When held responsibly, it can create:

🌱structure

🌱safety

🌱trust

But when held without awareness or accountability…

‼️it becomes control

‼️it becomes imbalance

‼️it becomes harm

Dominance is not just about control.

It is about responsibility.

And when that responsibility is ignored, the dynamic stops being mutual.


When a Woman is the Sub (and it goes wrong)

For a woman, the shift is often internal.

It starts subtly:

📌adjusting behaviour

📌trying to please

📌silencing discomfort

Over time, it becomes:

❗self-doubt

❗emotional dependency

❗loss of voice

Submission without safety becomes self-abandonment.
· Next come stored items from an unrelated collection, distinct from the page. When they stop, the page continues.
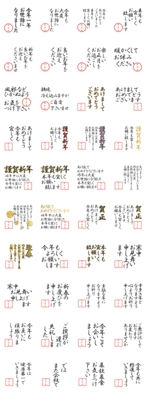 文字が大きく敬語がたくさんあり、印鑑のように苗字を入れることができます。会社の上司や先輩、後輩にも使える年末年始の挨拶です。
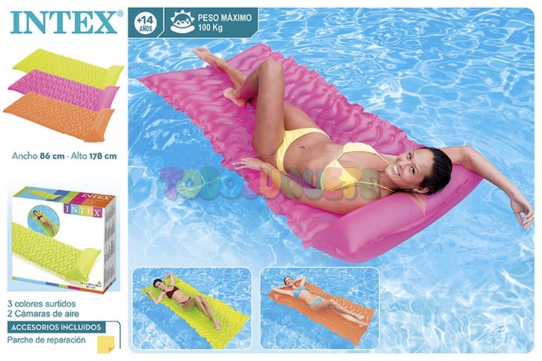 Colchoneta Ocho Doble 198x117 IntexPrecio 22,95 €Colchoneta neón 3 colores 183x76 cmPrecio 5,75 €Colchoneta Cool Grey Lounge Premium 99x191Precio 32,95 €
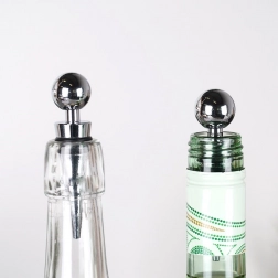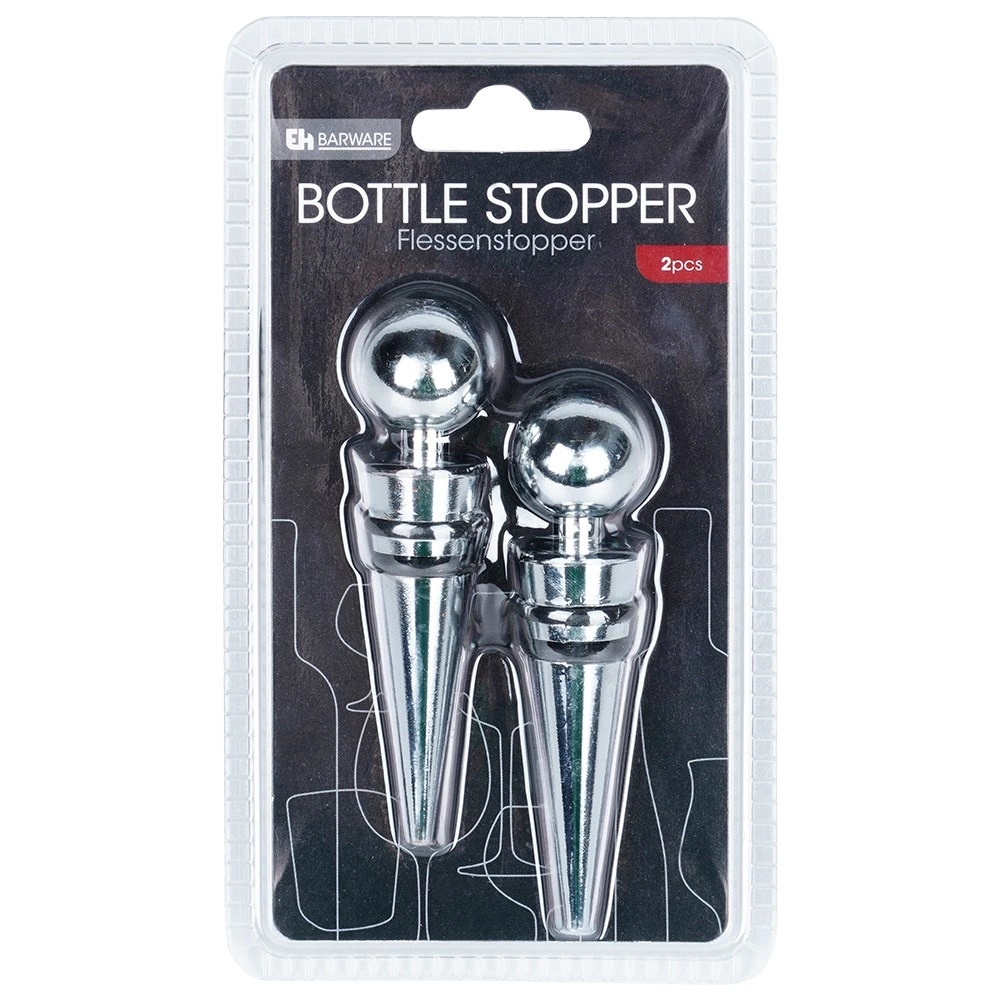 Keep your favorite drinks fresh for longer. This set of two stoppers made of chrome-plated stainless steel with two silicone sealing rings reliably seals the bottle neck and prevents oxidation and the loss of carbonation. The spherical head ensures comfortable application and removal in a single motion.
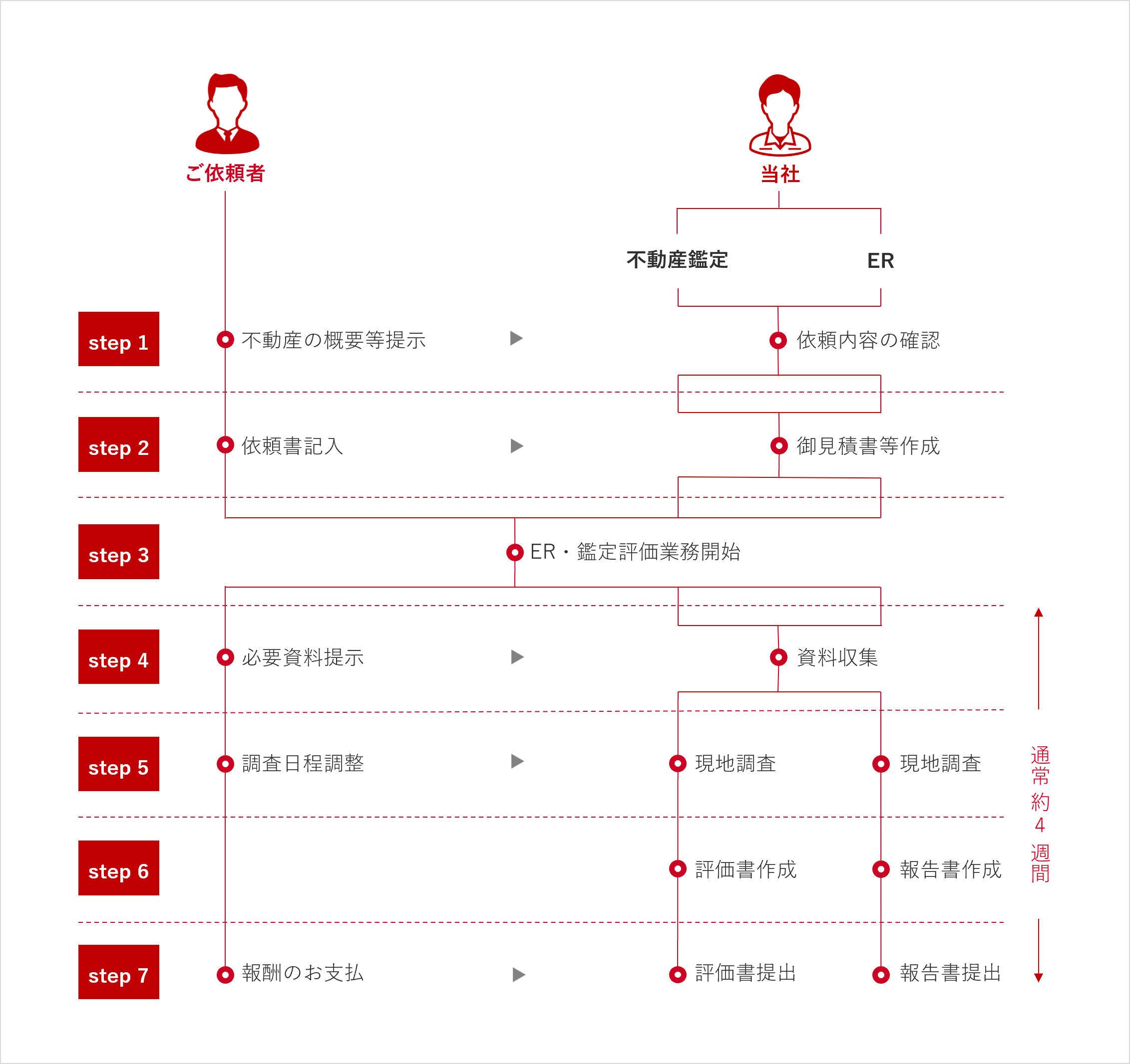 不動産鑑定(経済的デューデリジェンス)とER(物理的デューデリジェンス)を一括発注した場合の流れ

https://www.thehotline.org/resources/healthy-bdsm-relationships-are-possible/#:~:text=Abuse%20is%20about%20one%20partner,the%20space%20to%20say%20yes


When a Man is the Sub (and it goes wrong)

For men, the damage often sits behind silence.

Shaped by expectations explored within Gender psychology, the experience can be deeply conflicting.

Instead of speaking out, it may show up as:

❗shame

❗withdrawal

❗emotional shutdown

Because admitting something feels wrong…can feel like admitting weakness.

And so it stays unspoken.

https://pmc.ncbi.nlm.nih.gov/articles/PMC12190122/#:~:text=Individuals%20who%20engage%20in%20BDSM,2020;%20Pitagora%2C%202013).


—⚠️ The Warning Signs ⚠️—

When a healthy dynamic starts to break down, the signs are there:

*️⃣ rules replace communication

*️⃣ fear replaces trust

*️⃣ aftercare disappears

*️⃣ one person begins to shrink

*️⃣ silence becomes easier than speaking

And slowly, the relationship shifts from connection…to control.

https://drlizpowell.com/when-does-bdsm-become-abuse/#:~:text=In%20BDSM%20(Bondage/Discipline%2C,quickly%20is%20of%20utmost%20importance)


—🌿 When It Works

Because it can.

When done right, these dynamics are built on:

✅ explicit, ongoing consent

✅ communication without fear

✅ clear boundaries

✅ emotional safety

✅ accountability on both sides

Power is exchanged—but never taken.

And identity is never lost in the process.


Closing

Power is not dangerous on its own.

But when power is given without awareness…or held without care…it doesn’t build connection.

It destroys it.

Intimacy, at its core, is not about control.

It is about trust.

And when that trust is compromised—even in the name of consent—the damage doesn’t stay in the dynamic.

It follows people long after they leave it.

Because…

Being in something by choice is one thing.

But staying in something that no longer feels safe?

That’s where the line has already been crossed.